One area that Amgen is currently investing in to serve its patients by providing new drugs sooner, and to ensure its competitiveness for years to come, is to increase the efficiency within Research & Development (R&D), specifically within the Drug Design Cycle (DDC). This is driven by the fact that the average development time for a drug is 10-15 years and drug discovery comprises 3-6 years of this. The DDC process is the main drug discovery process for designing a compound, synthesizing it, and testing it with the intent on identifying the optimal drug candidate for clinical trials, used predominately in the hit-to-lead and lead optimization phases of drug development. The scope of this effort was to apply continuous improvement methodologies and techniques to Amgen’s DDC with goals to reduce overall cycle time by 30%, improve quality, and further develop a sustainable process for applying continuous improvement across Amgen labs.

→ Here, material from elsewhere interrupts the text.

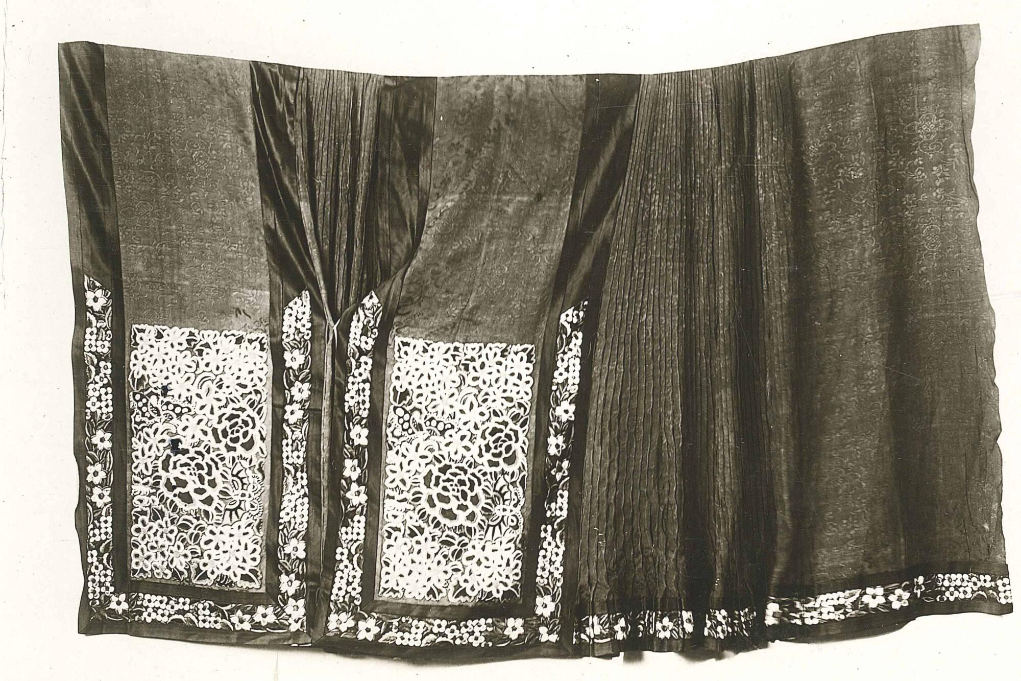DescriptionRed Han damask skirt embroidered with blue, white, green, and metallic stitches. Center panel motifs are appliqué. Embroidery panel and hemline is trimmed with 6/1 (possibly 7/1) black satin applied on the bias with a satin stitch embroidered black silk insert.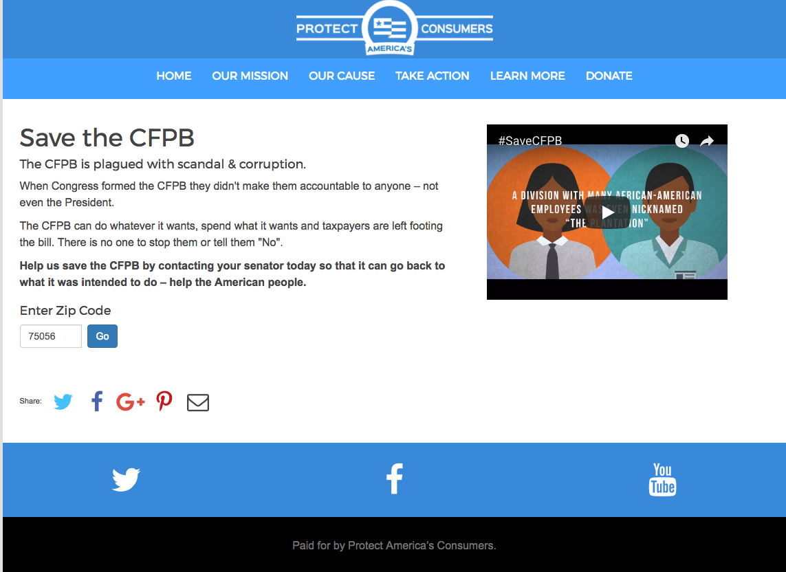 By clicking the “STOP CORDRAY” button on the page, it directs users to a page, as seen below, where they can write a letter to their senator. Protect America's Consumers will even deliver the letter.

The approach to this effort was structured in four phases: (1) Data and Standards, (2) Learning Organization and Best Practices, (3) Management Systems, (4) Process Analytics and Bottleneck Improvements. To effectively manage this effort, core partners from each of the four main functional areas, who have ownership into the process, were identified to support this effort. Additionally, the scope of this project was limited to one small molecule program within Amgen and only focused on the process from compound design up through primary assay testing, known as the primary DDC.
Implementing these four phases over six months resulted in over 24 total improvements that were implemented across the primary DDC prior to project completion. These 24 improvements led to a total reduction in 70 days in cycle time per compound, which is the time it takes to design a compound, make it, and test the compound through primary assay testing. This 70 day reduction in cycle time (64% improvement) exceeded initial expectations. Additional improvements include: developed a novel approach to measuring quality of the drug design cycle to ensure molecule quality does not degrade with increased process speed; installed a management system to ensure improvements are sustained and roadblocks are quickly identified and addressed; created system simulation tools to inform management of optimal assignments per chemist and where bottlenecks are likely to present themselves; optimized equipment and service priorities based on criticality to the drug design cycle. In total, these benefits have shown to have significant benefits in reducing cycle time and improving the speed of learning, which could result in an overall reduction in time to patients and reduction in overall cost for development.
This project has concluded that using a methodical approach at implementing continuous improvement can have substantial benefits within a pharmaceutical R&D environment. As a result, an Amgen continuous improvement manager was hired to continue this work and implement these improvements across the other small molecule programs. Additionally, this approach is being considered in other areas of Amgen R&D and Amgen Operations.